Who is Janet Luongo, the woman behind Rebellion, 1967?

I am a woman with heart who loves the literary and visual arts. I write and tell stories and give workshops and speeches; I teach and sometimes preach. I lead a group of voting rights activists. I work for progress on gender and racial justice. I am a life-long Unitarian Universalist; my faith encourages spiritual growth, a search for meaning and truth, inclusion, self-examination, kind deeds, service to humanity, and understanding that all existence is interrelated. Most summers I design a worship service. I am certified as a teacher of yoga and meditation. I am White, cisgender, wife, mother and grandmother with a lovely extended family and network of friends. I like hiking, photography, nutritious food, good films; I live with my affectionate husband and sweet cat in the diverse town of Norwalk on the Connecticut coast of the Long Island Sound where I am learning to kayak.

 What was the most difficult part of writing your memoir? 

It was difficult to delve deep into experiences in my life that were painful, disappointing, shattering; and difficult to pull on memory to relive the core emotions that motivated me to take so many risks in my young life.
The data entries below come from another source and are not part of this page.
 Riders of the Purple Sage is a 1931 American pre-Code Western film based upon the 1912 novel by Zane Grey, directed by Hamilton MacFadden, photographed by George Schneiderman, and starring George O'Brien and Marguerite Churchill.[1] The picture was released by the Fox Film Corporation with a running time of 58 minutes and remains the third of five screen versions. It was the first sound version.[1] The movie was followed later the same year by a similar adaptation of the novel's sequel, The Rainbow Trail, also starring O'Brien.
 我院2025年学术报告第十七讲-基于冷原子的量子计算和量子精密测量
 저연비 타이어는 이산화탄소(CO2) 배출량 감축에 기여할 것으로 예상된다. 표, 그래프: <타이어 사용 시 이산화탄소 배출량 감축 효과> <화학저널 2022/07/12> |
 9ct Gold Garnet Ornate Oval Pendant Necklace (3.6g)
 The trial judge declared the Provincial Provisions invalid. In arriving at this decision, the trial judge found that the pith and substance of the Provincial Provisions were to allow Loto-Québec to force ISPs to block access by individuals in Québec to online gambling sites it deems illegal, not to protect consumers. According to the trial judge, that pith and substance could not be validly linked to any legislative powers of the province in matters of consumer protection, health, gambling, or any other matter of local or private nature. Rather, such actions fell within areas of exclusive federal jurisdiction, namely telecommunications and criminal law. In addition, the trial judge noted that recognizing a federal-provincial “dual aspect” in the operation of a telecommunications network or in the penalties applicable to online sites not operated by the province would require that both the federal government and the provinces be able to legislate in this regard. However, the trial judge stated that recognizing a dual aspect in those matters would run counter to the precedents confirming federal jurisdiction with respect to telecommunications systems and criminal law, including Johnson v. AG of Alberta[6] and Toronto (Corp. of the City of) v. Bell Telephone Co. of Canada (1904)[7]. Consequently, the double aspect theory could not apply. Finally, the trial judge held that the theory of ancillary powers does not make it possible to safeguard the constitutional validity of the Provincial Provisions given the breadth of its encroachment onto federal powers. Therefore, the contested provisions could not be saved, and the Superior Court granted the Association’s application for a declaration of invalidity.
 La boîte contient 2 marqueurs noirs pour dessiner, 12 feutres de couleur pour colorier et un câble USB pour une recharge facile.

The arduous part came at the end of the process, the picky perfectionism needed in proofing the final manuscript.

How did you choose what to leave out and what to include? 

It was difficult to choose what to cut because my style is to start with freewriting all random thoughts, emotions, and ideas as they pour out. Then I have to choose the best from the abundance of words. That’s when the critical part of the mind kicks in and one has to make an executive decision. Repetitive events were condensed. I left out duplication of ideas; I cut out any phrases, dialogue, and descriptions that did not move the story along, or were not necessary to give the reader a sense of time, place, and the main character’s motivation. I kept the scenes with high emotion; events that were singular or the first or last time something happened.

What is the biggest message you want to get across?

Dear Reader: Know and express who you truly are. Embrace every facet. Be compassionate to yourself and others. You are stronger than you may believe. Never give up on yourself.

Do you think that making meaning out of our stories is a form of therapy?

Viewing writing as a form of therapy rankled my first writing mentor, Patrick McCord. He considered writing an art and a craft, which I learned much about over four years in his writing group, “Write Yourself Free.” For me, writing the first draft of my memoir was definitely a form of therapy; in fact, I typed it out in a mental hospital. I’d kept notes in journals all through the harrowing experiences of 1967 that led to a breakdown and having the time to simply put down, in order, the events and emotions that led me to that point, was very healing. Self-discovery led to stronger drafts. Then the fun began: the art of shaping the story, and the craft of revision that allows the language to sing.

What has been your biggest learning experience since you started the process? 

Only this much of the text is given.